SYSTEM Cited by 10 sources
Amazon S3 (Simple Storage Service)¶
Amazon S3 is AWS's foundational object storage service, launched March
14, 2006 as the first public AWS service. By early 2025 it holds
hundreds of trillions of objects across 36 regions and serves as the
primary storage for nearly every AWS service and a large share of the
public internet's data lakes.
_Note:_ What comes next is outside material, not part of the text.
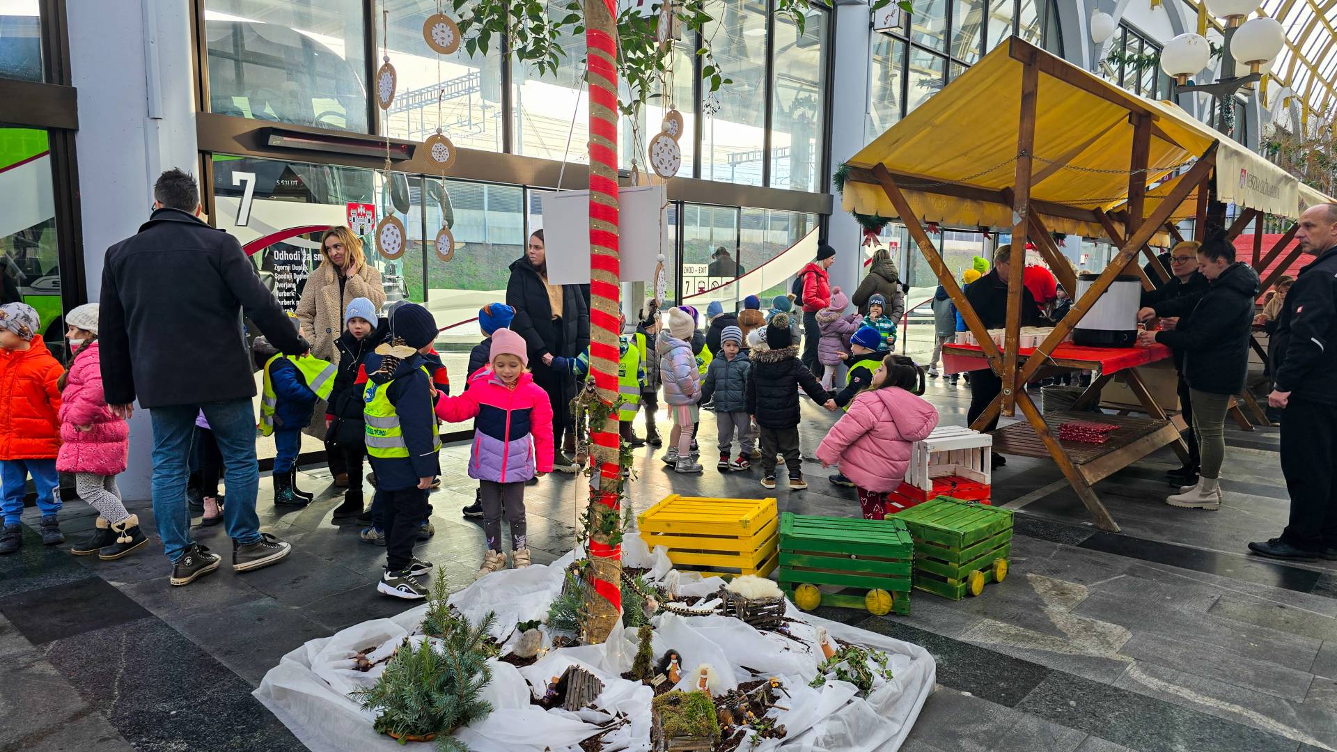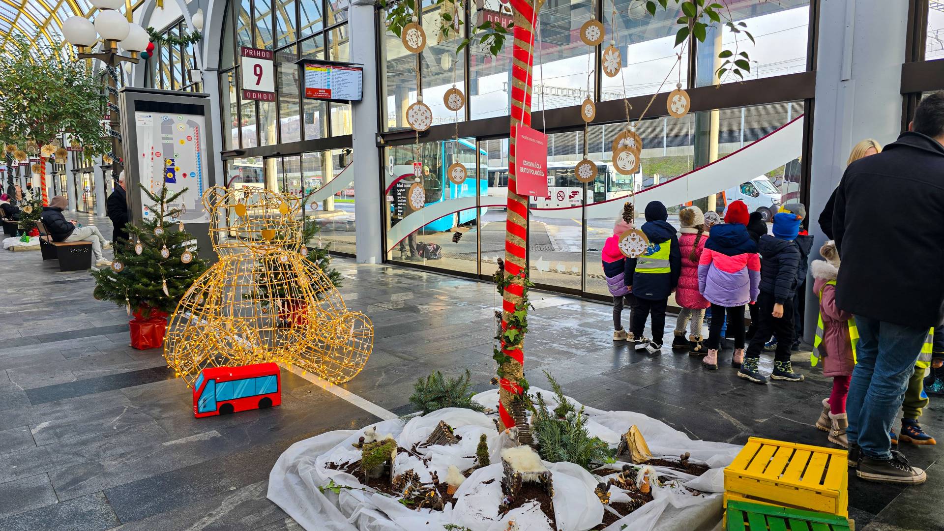 Glavna avtobusna postaja v Mariboru je tudi letos odeta v praznično podobo, za katero so poskrbeli najmlajši. Ti bodo danes in v prihodnjih dveh dneh obiskali postajo in se zapeljali z avtobusom.

Originally a 4-verb HTTP API
(PUT/GET/DELETE/LIST) over immutable objects grouped into
buckets, it has evolved into a platform whose defining characteristic —
per its own team — is not the object API but the properties of the
storage: elasticity, durability, availability, security, and
performance. "Making S3 simple" is treated as an ongoing program of
removing distractions so builders "work with their data and not have
to think about anything else."
(Source: sources/2025-03-14-allthingsdistributed-s3-simplicity-is-table-stakes)
Defining properties (Warfield, 2025)¶
- Elastic capacity — no upfront provisioning, no per-bucket capacity limits, no notion of "running out of space". See concepts/elasticity.
- Elastic performance — "any customer should be entitled to use the entire performance capability of S3, as long as it didn't interfere with others." Throughput discipline is exposed via the systems/aws-crt (Common Runtime) library: a GPU instance can drive "hundreds of gigabits per second in and out of S3".
- Strong read-after-write consistency (since 2020) — customers report "deleting code and simplifying their systems" after the guarantee landed. See concepts/strong-consistency.
- Very high durability and availability — taken for granted by design ("we are successful only when these things can be taken for granted").
- Immutable objects as the low-level primitive — see concepts/immutable-object-storage. Higher-level primitives (versioning, object lock, cross-region replication, S3 Tables) are layered on top.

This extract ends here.